Factos provados. Acordo. Confissão. Cheque. Convenção. Título executivo

FACTOS PROVADOS. ACORDO. CONFISSÃO. CHEQUE. CONVENÇÃO. TÍTULO EXECUTIVO
APELAÇÃO Nº
1093/08.8TBTNV-A.C1
Relator: ISAÍAS PÁDUA 
Data do Acordão: 22-03-2011
Tribunal: TORRES NOVAS – 1º JUÍZO
Legislação: ARTºS 356º, Nº 2 DO CC; 46º, Nº 1 E 646º, Nº 4 DO CPC;
Sumário:

  1.  Devem ter-se como não escritas as respostas dadas pelo tribunal sobre factos que se encontrem plenamente provados por acordo ou confissão das partes (artº 646º, nº 4 do CPC).
  2. A confissão judicial pode ser feita espontaneamente nos articulados do processo, segundo as prescrições da lei processual, ou em qualquer outro acto do processo, firmado pela parte pessoalmente ou por procurador especialmente autorizado para o efeito (artº 356º, nº 1 do CC).
  3. As declarações confessórias feitas pelo advogado, oralmente ou por escrito, com simples procuração ad litem não valem como confissão, ficando, porém ressalvada a confissão tácita resultante dos articulados (artºs 38º e 490º, nºs 1 e 2 do CPC) ou a confissão expressa feita nos mesmos termos (artº 567º, nº 2 do CPC).
  4. No campo dos títulos executivos vigora entre nós, como decorre do artº 46º do CPC, o princípio da legalidade, segundo o qual só pode servir de base a um processo de execução documento a que seja legalmente atribuída força executiva.

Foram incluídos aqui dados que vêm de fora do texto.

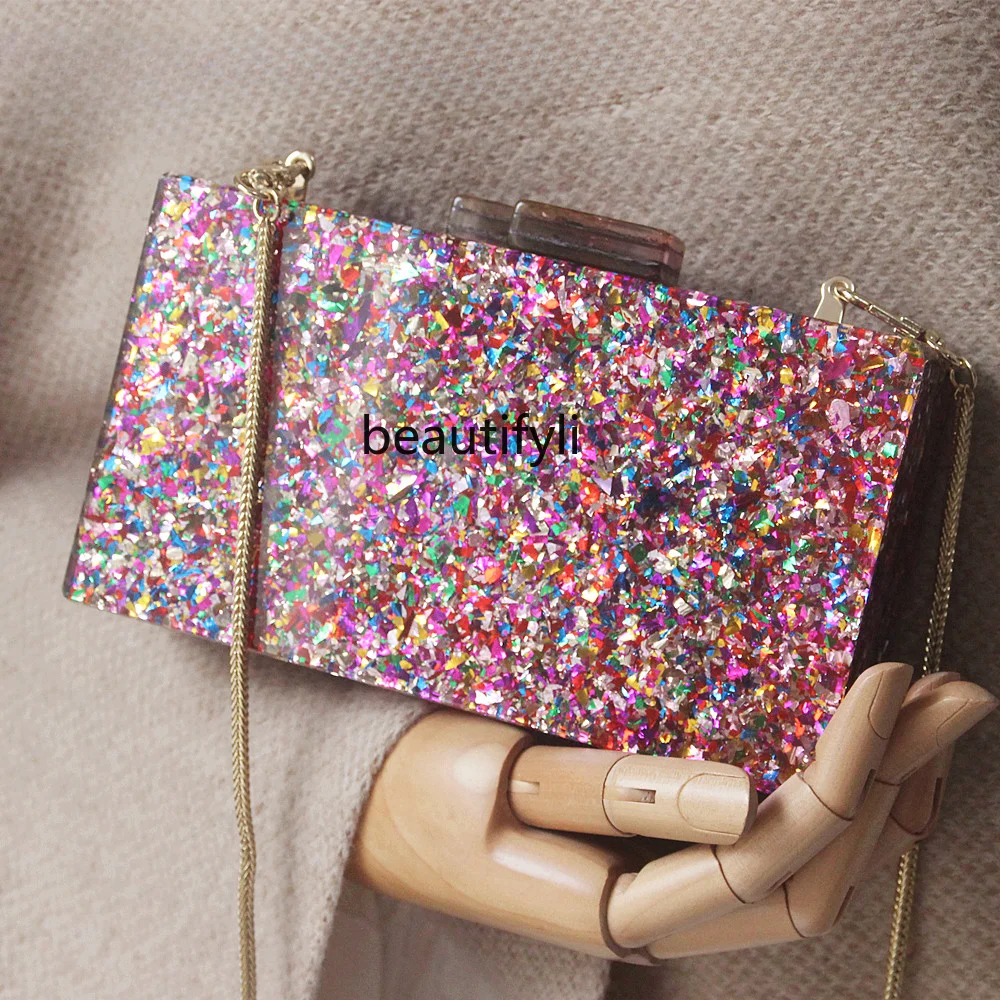 Сумка через плечо yj на одно плечо, простая подходящая ко всему модная вечерняя Женская акриловая сумка, цветной клатч с блестками
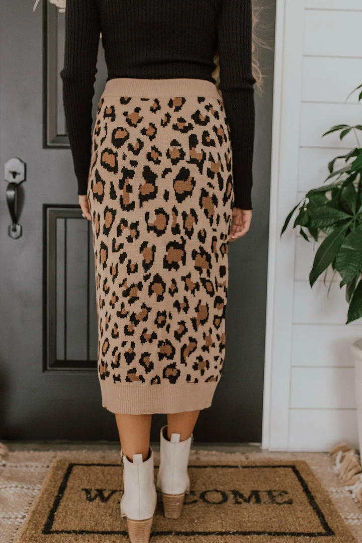 This sweater skirt is an absolute stunner! It’s warm and cozy, perfect for the cold weather months! The leopard print makes it stand out! Pair with long sleeve tops and sweaters for all of your fall and winter outings!
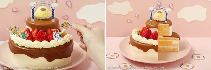 直径約15cmと約9cmのシフォンケーキを重ねた豪華な2段ケーキで、ピックで模ったお友達たちと一緒に「ポムポムプリン」の誕生日を盛り上げます。
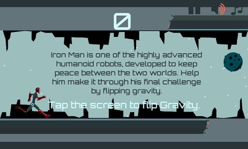 Iron is one of the highly advanced Human robots , developped to keep peace in the world . Help him make it through his challenge by flipping gravity down and up .
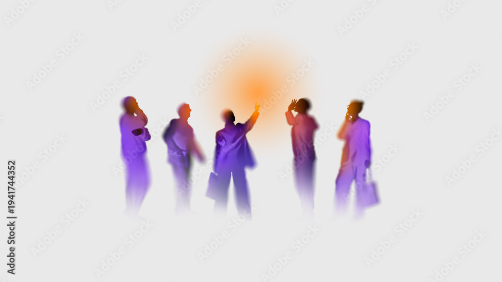 Business silhouettes pointing upward in colorful blur light effect representing leadership vision and strategy. Ideal for corporate presentations, startup marketing and business growth advertising.
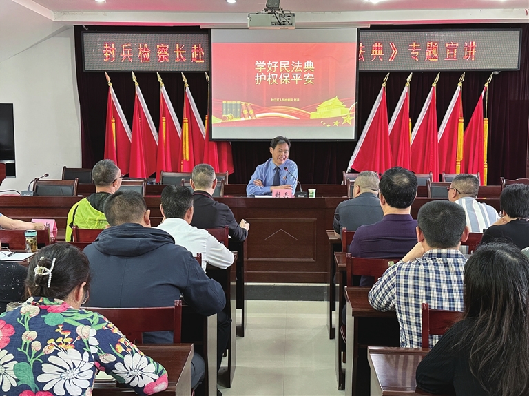 6月6日,黔江区人民检察院党组书记、检察长封兵受邀走进正阳街道,开展《民法典》专题宣讲活动。正阳街道全体干部职工以及社区干部聆听宣讲。
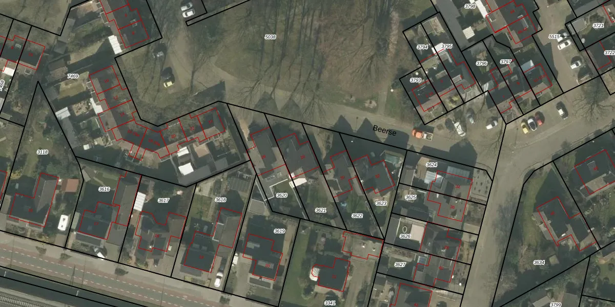 Het perceel waarop Beerse 28 staat heeft een oppervlakte van 378 m². Dit is een groot perceel. De perceeloppervlakte wordt geregistreerd door het Kadaster. Gedetailleerde informatie over de maten van dit perceel kunt u vinden in het rapport Kadastrale kaart met maatvoering van Beerse 28.
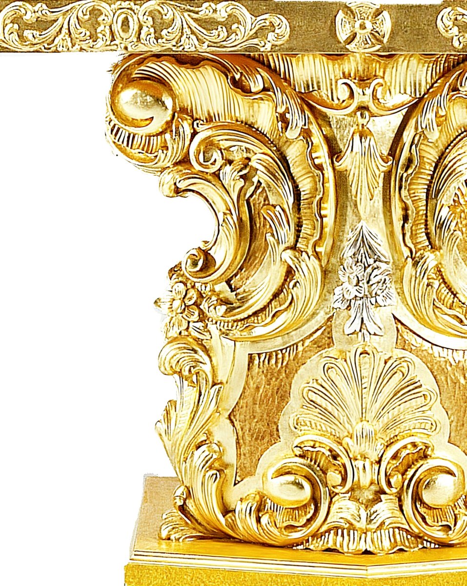 La ricca colonna affianca al motivo della conchiglia ornati e ghirlande che si intrecciano in un insieme armonico.
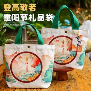 九九重阳节送长辈慰问老人礼物帆布袋新款国风伴手礼手提礼品袋
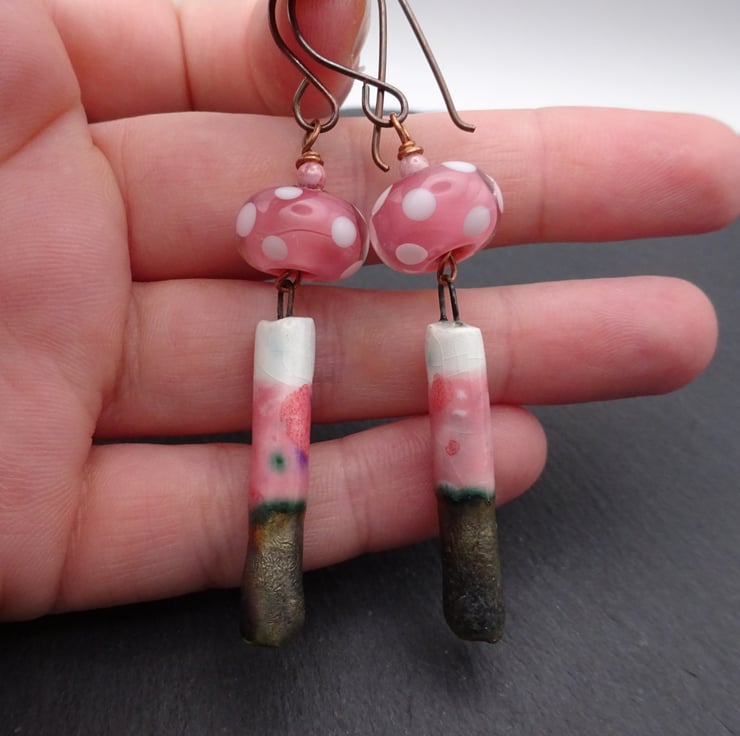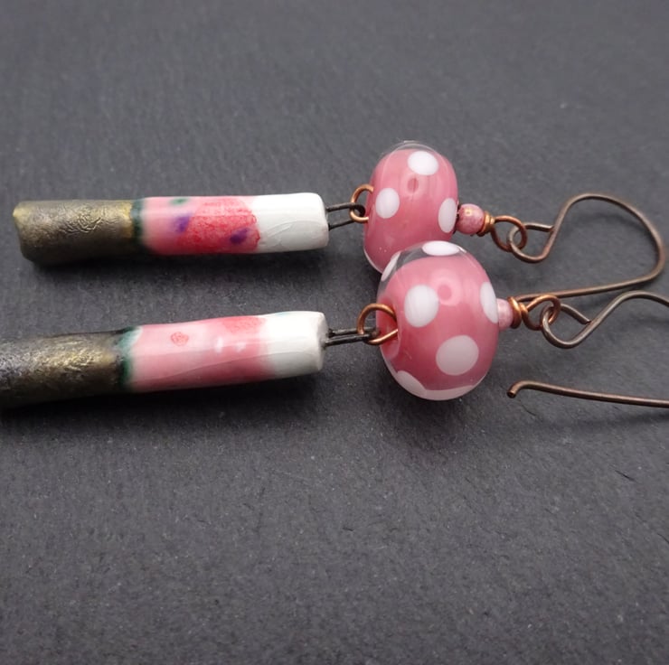 A pair of earrings made with handmade copper ear wires, my handmade lampwork glass beads which have been made with pink glass and features white polka dots and a pair of handmade ceramic charms.
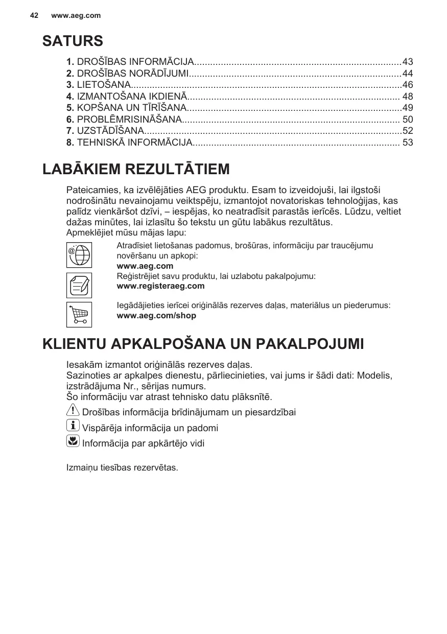SATURS 1. DROŠĪBAS INFORMĀCIJA43 2. DROŠĪBAS NORĀDĪJUMI44 3. LIETOŠANA46 4. IZMANTOŠANA IKDIENĀ 48 5. KOPŠANA UN TĪRĪŠANA49 6. PROBLĒMRISINĀŠANA 50 7. UZSTĀDĪŠANA52 8. TEHNISKĀ INFORMĀCIJA 53
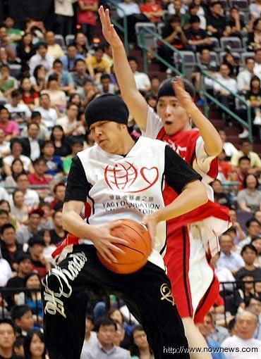 罗志祥(右)投篮时“笑”果十足,将活动的欢乐气氛带进最高潮。
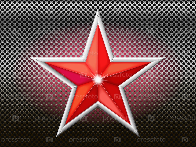Красная звезда на фоне металлической сетки
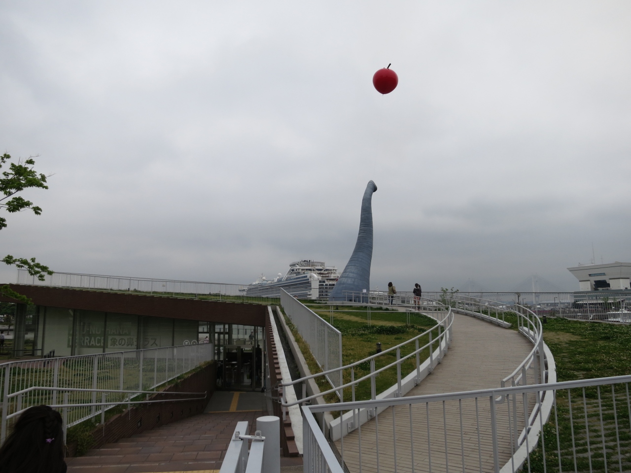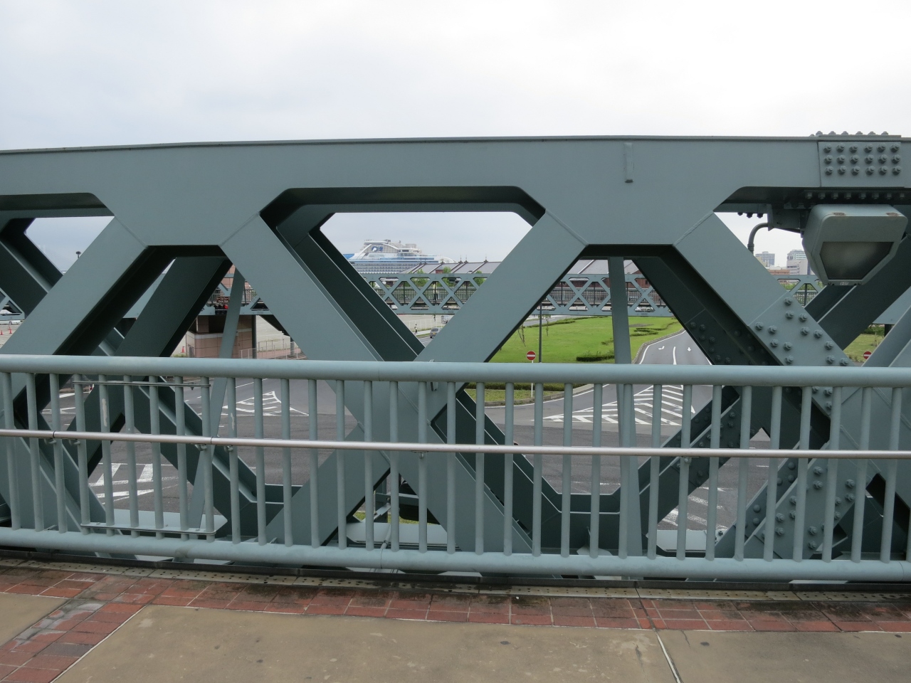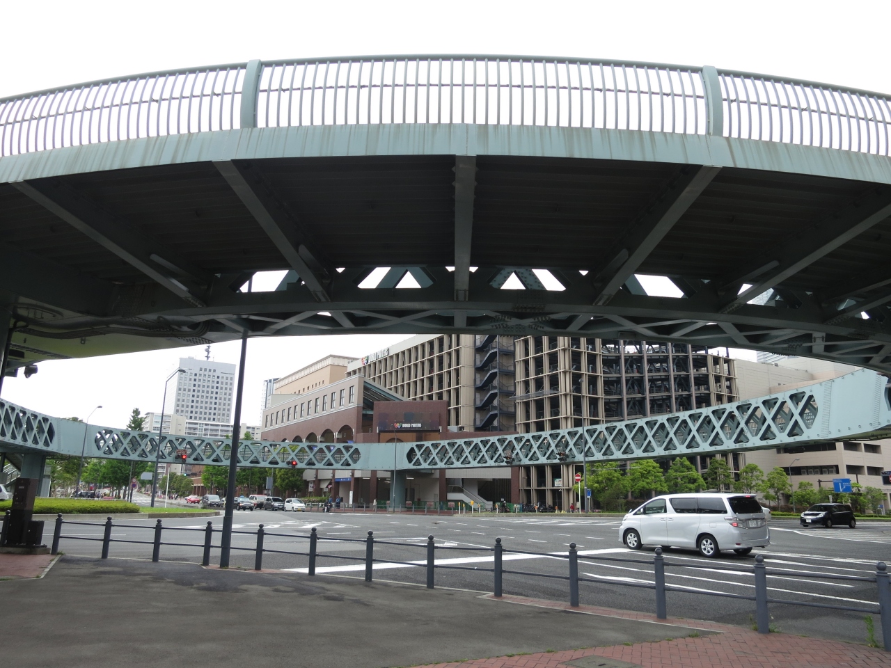 横浜ワールドポーターズ2Fからつながる、交差点の上にある円形の大きな歩道橋で、汽車道を通って、横浜ワールドポーターズを経由し、赤レンガ倉庫方面に行く際にいつも利用します。いつも通行人は少なく、子どもたちは下の道路を走る車を眺めたり、大さん橋に停泊する大型客船を眺めたり、お気に入りのスポットです。ベビーカーでも、エレベーターもあるので問題なく通れます。
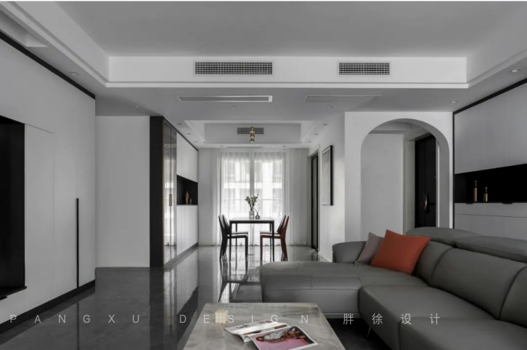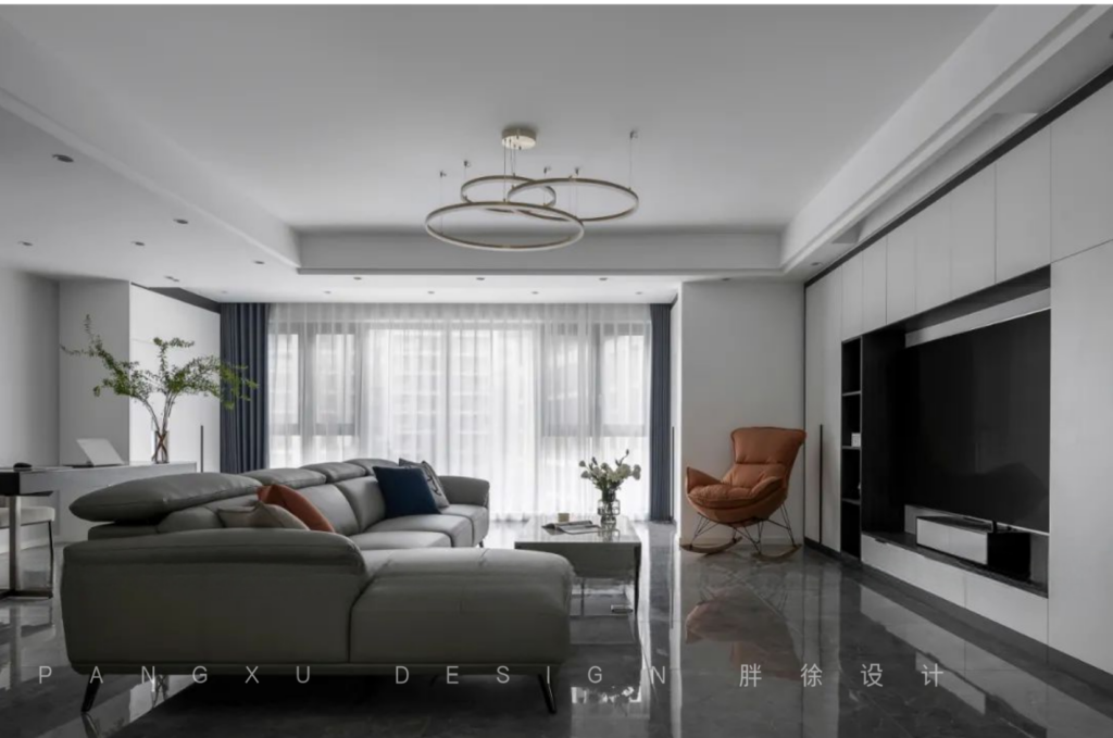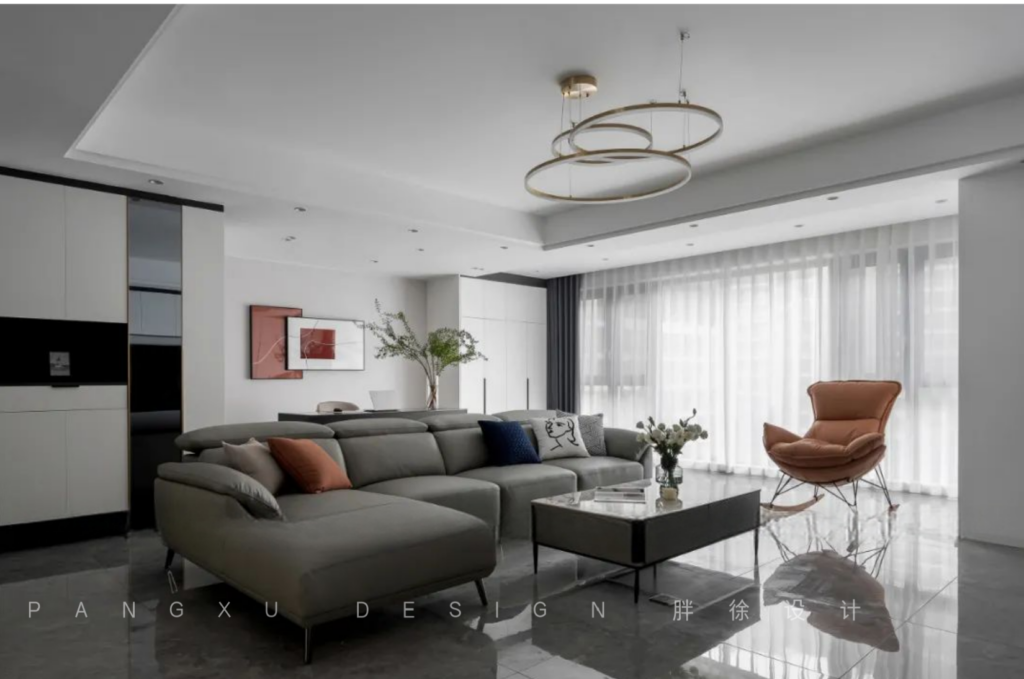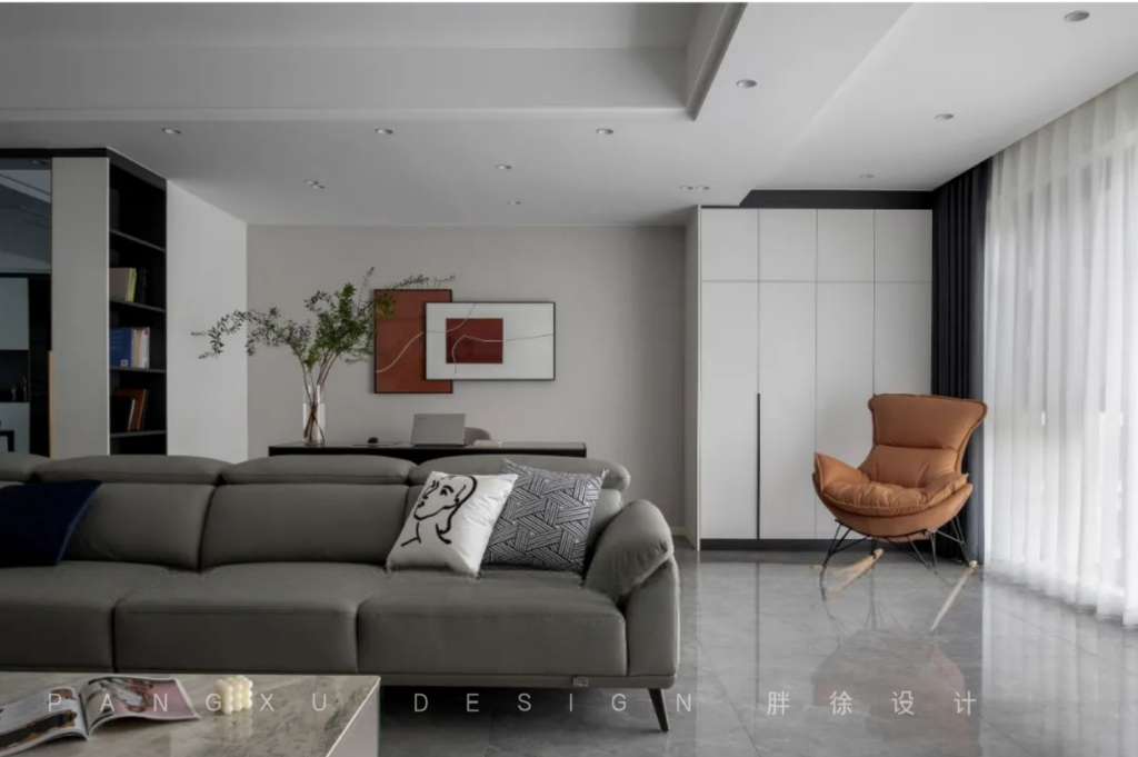 @胖徐设计工作室:黑白灰是客厅的主题色,一整面的落地窗带来更为通透大气的空间感,加一点橘色增添色彩氛围的活力,明与暗,交织与呼应,沉浸于光影带来的变幻。

  5. Os cheques encontram-se entre os documentos (extrajudiciais) a que a lei confere força executiva. Desde logo, na sua função natural de documentos cartulares, ou seja, enquanto títulos de crédito de natureza cambiária, e podendo sê-lo, ainda, em determinadas condições, enquanto documento particular ou quirógrafo (cfr. artº 46º, nº 1, al. c) do CPC).
  6. O contrato ou convenção de cheque traduz-se num acordo através do qual o banco acede, comprometendo-se ao seu pagamento, a que o seu cliente (titular de um direito de crédito sobre a provisão) mobilize os fundos que estão à sua disposição, por meio da emissão de cheques.
  7. Trata-se de um contrato que se caracteriza, além do mais, por ser autónomo (que portanto não se confunde com a relação de provisão, pois pode estabelecer-se esta relação sem que necessariamente se convencione a utilização de cheques), que assenta também nos princípios da boa fé e da tutela da confiança, que se situa dentro do universo dos negócios bancários, que é bilateral ou sinalagmático (por estabelecer um conjunto de direitos e deveres recíprocos para as partes que o outorgam), sendo a sua celebração feita frequentemente de forma tácita, e que se consubstancia mediante a requisição pelo cliente de um ou mais livros de cheques (ou mesmo através de simples cheques avulsos) e com a entrega deles pelo banco (donde, dada a frequente ausência de negociações preliminares, haver também quem o caracterize como sendo um contrato de adesão).
  8. Como se infere do disposto no artº 13º da LUC, e naquilo constitui entendimento pacífico, um cheque incompleto por falta de data do saque não deixa então de ser válido já que a lei permite que possa completado até do dia da sua apresentação a pagamento.
  9. O que significa que a falta de data da emissão de cheque só se torna relevante se ela continuar em branco ou preencher na altura da sua apresentação a pagamento no banco sacado, ou então se o seu subscritor/emitente demonstrar que a referida data nela aposta contraria os acordos antes afirmados a esse respeito.
  10. Cessada a convenção de cheque, o banco fica, em princípio, desvinculado do dever de pagar os cheques que tenham sido entretanto emitidos com base nela, porém, tal não afecta ou prejudica a validade intrínseca desses próprios cheques, tal como resulta do disposto na parte final do acima citado artigo 3º da LUC.